Le differenze tra finzione e realtà in The Good Nurse
Nella vita reale, Amy Loughren era un’infermiera che lavorava al Somerset Hospital nel New Jersey e viveva nello stato di New York con le sue due giovani figlie. Soffriva di cardiomiopatia, una forma di malattia cardiaca che le causava episodi di respiro affannoso sul lavoro. Un giorno, la donna è crollata al lavoro e ha dovuto andare al pronto soccorso e prendere un pacemaker. Un dettaglio che è diventato essenziale in seguito durante la sua cena faccia a faccia con Cullen. In The Good Nurse, niente di tutto questo viene raccontato.
In The Good Nurse, la Loughren si rende conto lentamente che due pazienti sono morti per overdose di insulina, notando un errore nelle rispettive cartelle cliniche.
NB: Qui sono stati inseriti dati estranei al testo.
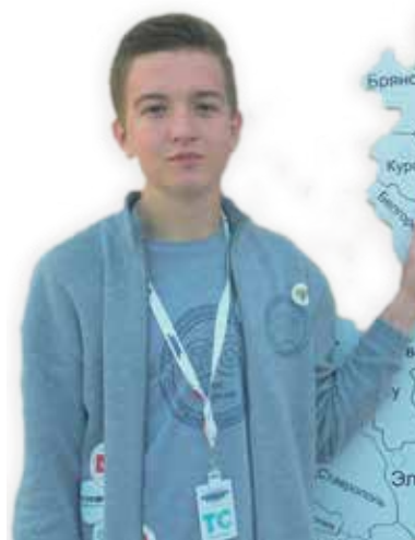
Будущего помощника машиниста поглотила общественная работа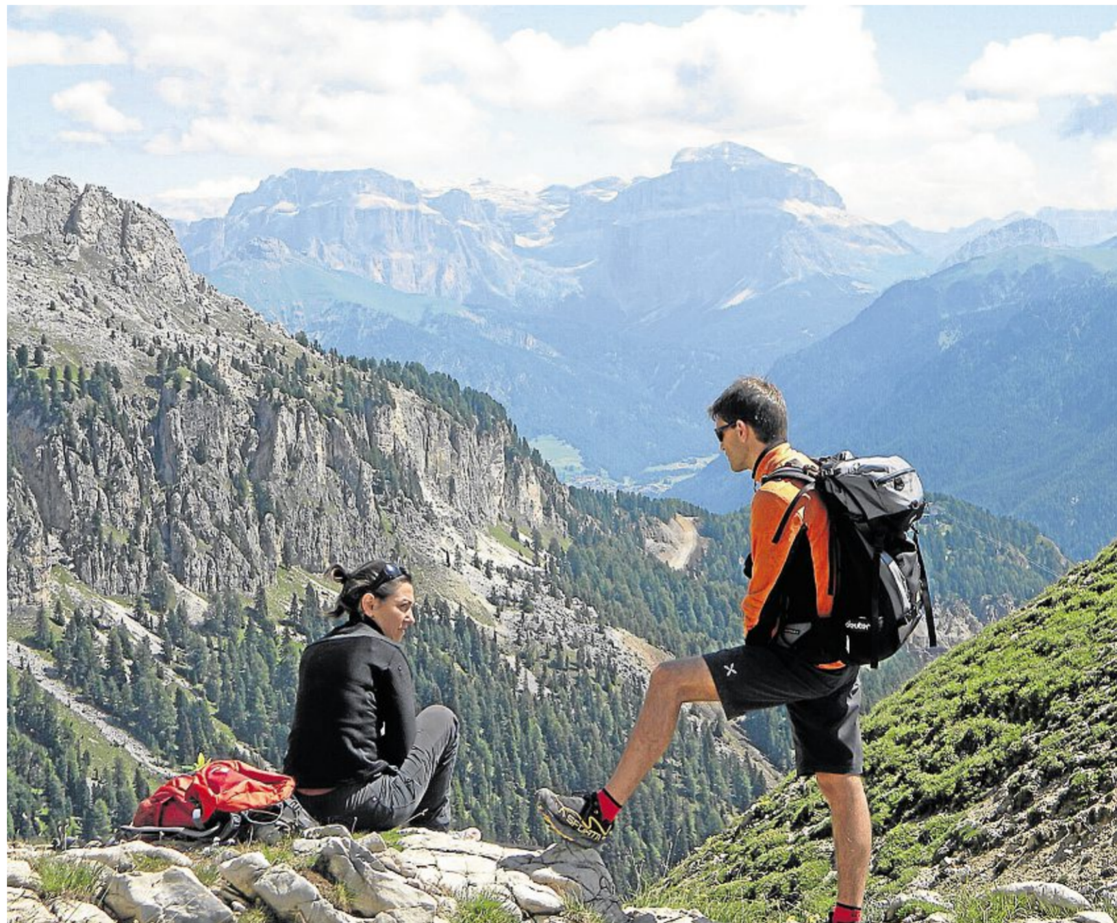
Dolomiten in Vollendung: Unweit der Rotwandhütte hoch oben im Rosengarten bietet sich dem Wanderer dieser herrliche Blick auf das ferne Marmoladmassiv. Dieses überragt mit 3342 Metern die höchste Erhebung des Rosengartens um gut 300 Meter.

Am Tag darauf trifft Pichler seine neue Bekanntschaft samt Eltern am verabredeten Treffpunkt wie-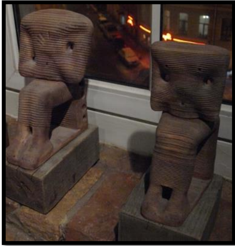
Large Pharaoh Family (2 pieces 4 parts), 1992

استخدامه اللون القاتم في العمل ليؤكد على معان خاصة شكل رقم (٣).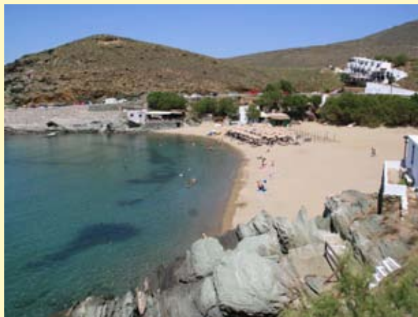
Η παραλία της μικρής άμμου

Η μικρή άμμος, μια από τις καλύτερα οργανωμένες παραλίες της Τήνου, προφυλαγμένη από τον βοριά. Οι απόλυτα εναρμονισμένες με το περιβάλλον ομπρέλες του Γεωργίου Σάββαρη θα σας προφυλάξουν από τον δυνατό ήλιο, αλλά και από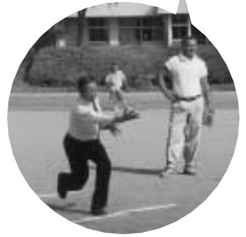
町長の始球式でつしイボール！

8月14日(水)、第21回町民(300歳)ソフトボール大会が行われました。9人全員の年齢を足して300歳以上が参加条件のこのゲーム。参加したチームは全部で16、約300人で壮絶な戦いが行われました。炎天下のなか、見事優勝を勝ち取ったのは遊友軍団のみなさんです！お疲れ様でした！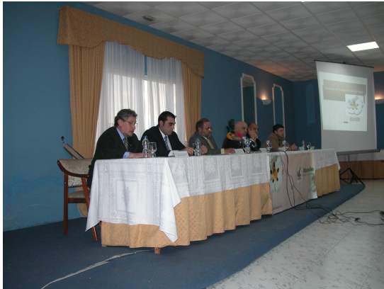
Presentación nueva J.D. "ATUVALLE".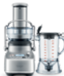
the 3X Bljuicer Pro™

350 g bevroren mango, in stukken gesneden 120 g (ongeveer 6) ijsblokjes 5 g (ongeveer 15) verse muntblaadjes 190 g (ongeveer 2) geschilde limoenen 760 g (ongeveer 5) geschilde sinaasappels Pulp van 2 passievruchten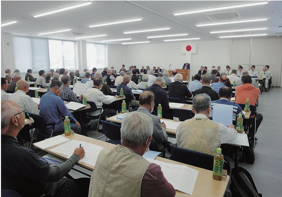
新事務所・新総代で迎えた総代会の様子（令和6年度第1回臨時総代会）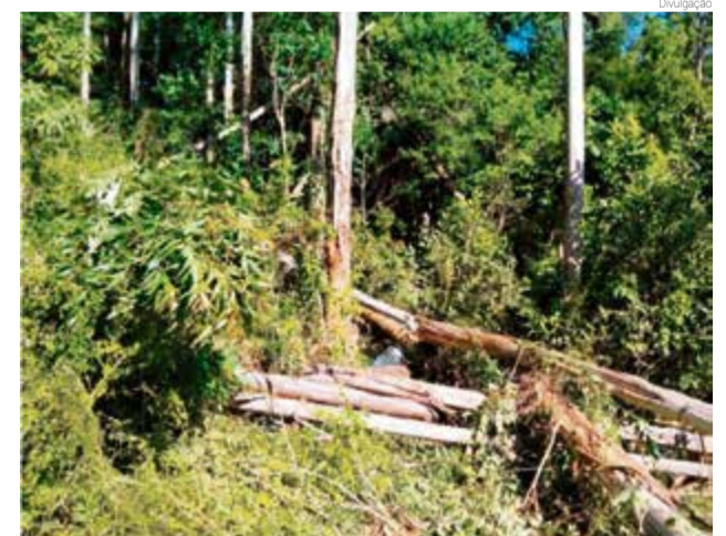
Homem foi atingido e morreu no local do acidente

A Polícia Militar também foi acionada. A Polícia Civil de Palmitos e o Instituto Geral de Perícias de Chapecô estiveram no local para realizar a perícia do acidente.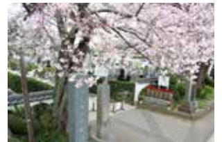
山門の桜(見頃：3月下旬～4月初旬)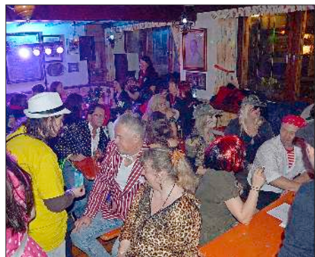
Am Faschnachtsfreitag war der „Hecht“ eine erstklassige Adresse für alle feierfreudigen Narren.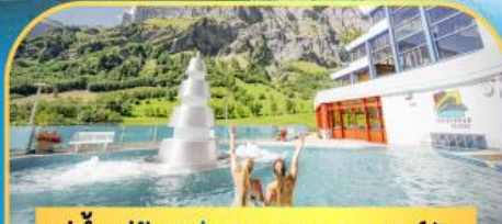
แช่น้ำแร่ร้อนผ่อนคลายลวยคอร์บิค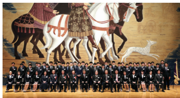
※2022年度の公認会計士試験現役合格報奨金授与式

2 公認会計士試験合格に重要な計算科目に特化した講座を独自に開講しています。大学の授業との両立や価格面で学生の便宜を図っています。計算力をつけた状態で提携専門学校の本科クラスへと橋渡しをしている点特徴です。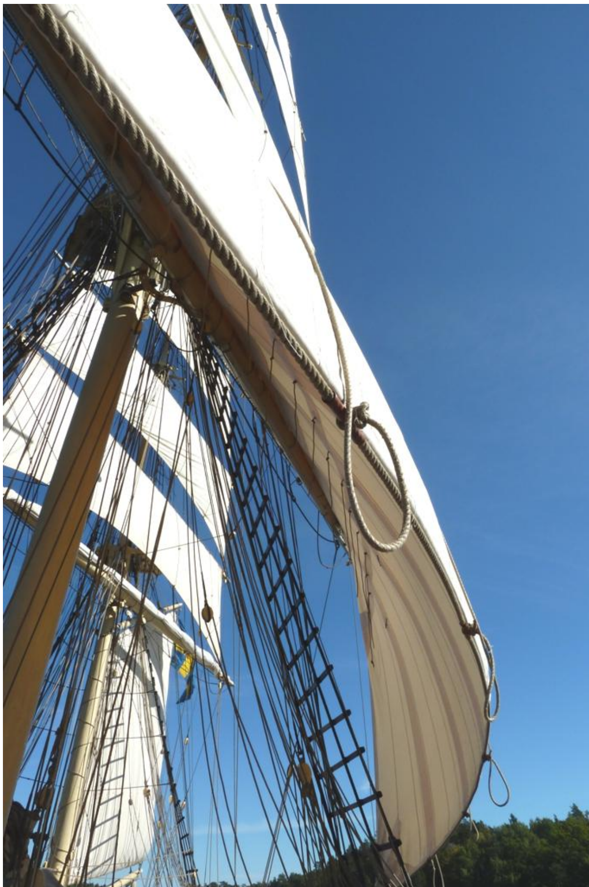
Några gånger rymde vinden litet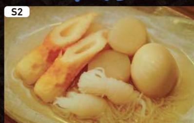
S2 塩おでん Salt ODEN $3.50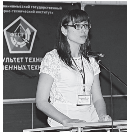
Невинномысский государственный про-технологический институт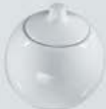
AZUCARERA ESFÉRICA CON TAPA SUGAR BOWL + LID JZATE (250 cc.)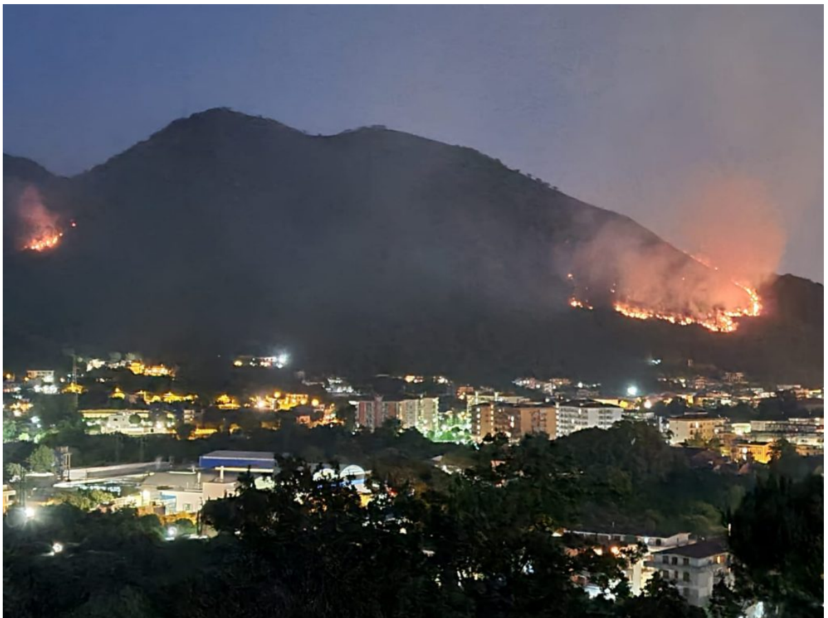
Incendio Monte Citola del 29 luglio 2021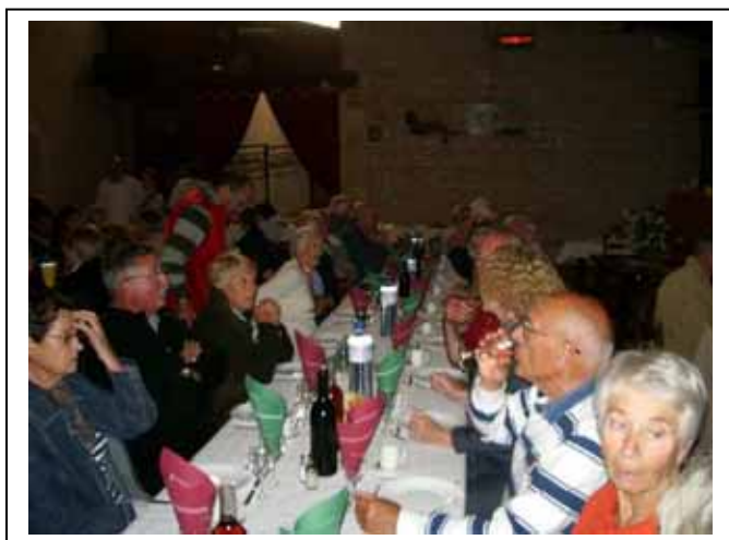
Samedi 5 Mai 2007 : Visite d'une distillerie à St Romain de Bonnet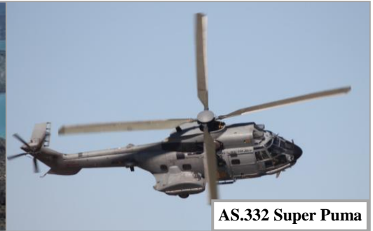
AS.332 Super Puma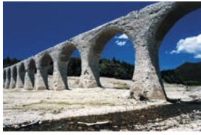
高田 悦也 帯広市 『タウシュベツ橋梁』 旧国鉄土幌線コンクリートアーチ橋梁群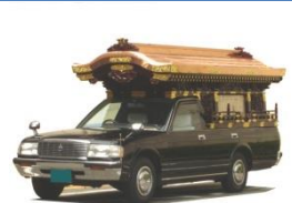
霊柩車 有・バス 無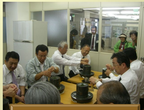
抹茶挽き(福寿園宇治工房)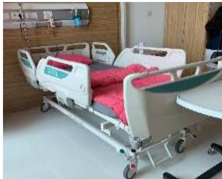
圖28、單人房使用Paramount電動床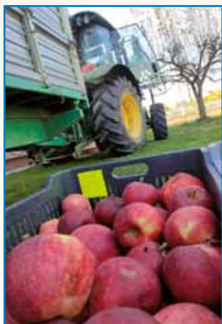
KVALITETNE DJABOKE ... stran 4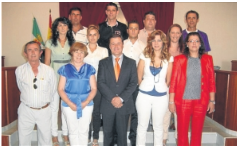
Nueva Corporación Municipal del Ayuntamiento de Aceuchal.

Seguidamente se ha procedido a la elección del alcalde de entre to-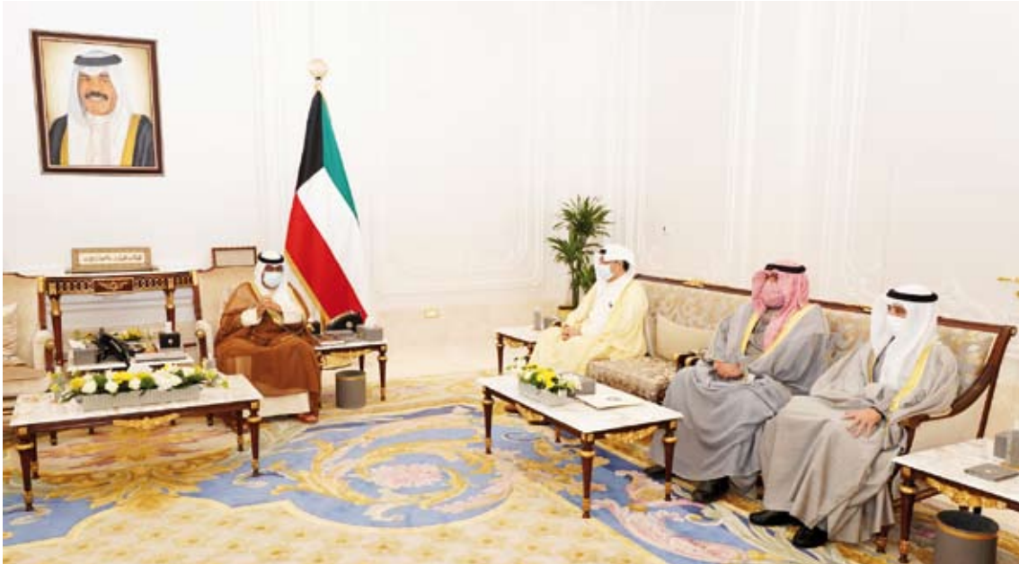
.. وسموه يستقبل وزراء الدفاع والخارجية والداخلية

استقبل سمو ولي العهد الشيخ مشعل الأحمد، بقصر بيان، صباح أمس، رئيس مجلس الأمة مرزوق الغانم. كما استقبل سمو ولي العهد، سمو الشيخ صباح الخالد رئيس مجلس الوزراء.

Dopo aver messo lentamente insieme i pezzi, capisce che il responsabile è Cullen. In realtà, gli errori di Cullen erano leggermente più evidenti. Nel libro, Graeber racconta che la Loughren ha esaminato le cartelle di Cullen su un sistema chiamato Cerner, scoprendo “chiazze di parole qua e là e osservazioni frettolose ed errate“. La donna, inoltre, ha scoperto l’insolita quantità di tempo che Cullen ha trascorso all’interno del sistema per rintracciare i pazienti di altre infermiere a quali iniettare il letale cocktail di farmaci.
In una scena cruciale di The Good Nurse, Amy Loughren incontra Charlie in una tavola calda per convincerlo a confessare i suoi crimini, cosa che è successa per davvero. Nella vita reale, però, Cullen si è mostrato più sicuro di sé di quanto suggerisca il film. “Si è seduto con la schiena dritta“, ha ricordato la donna a People. “Il colore dei suoi occhi è cambiato. Ha fatto un sorrisetto sul viso e ha detto: “Vado a combattere.“” Come ritrae il film, l’uomo durante l’incontro non ha confessato ma è stato arrestato dalle autorità locali. Sebbene il film faccia credere che Charlie e Amy non si siano mai più visti dopo la condanna a 18 ergastoli dell’uomo, la realtà è un’altra. I due si sono scambiati tantissime lettere e la donna gli ha fatto visita in prigione una dozzina di volte. “Volevo davvero sapere se avevo danneggiato qualcuno accidentalmente. Volevo semplicemente delle risposte“, ha detto la Loughren a Glamour, sottolineando che alla fine non ha ottenuto le risposte che voleva.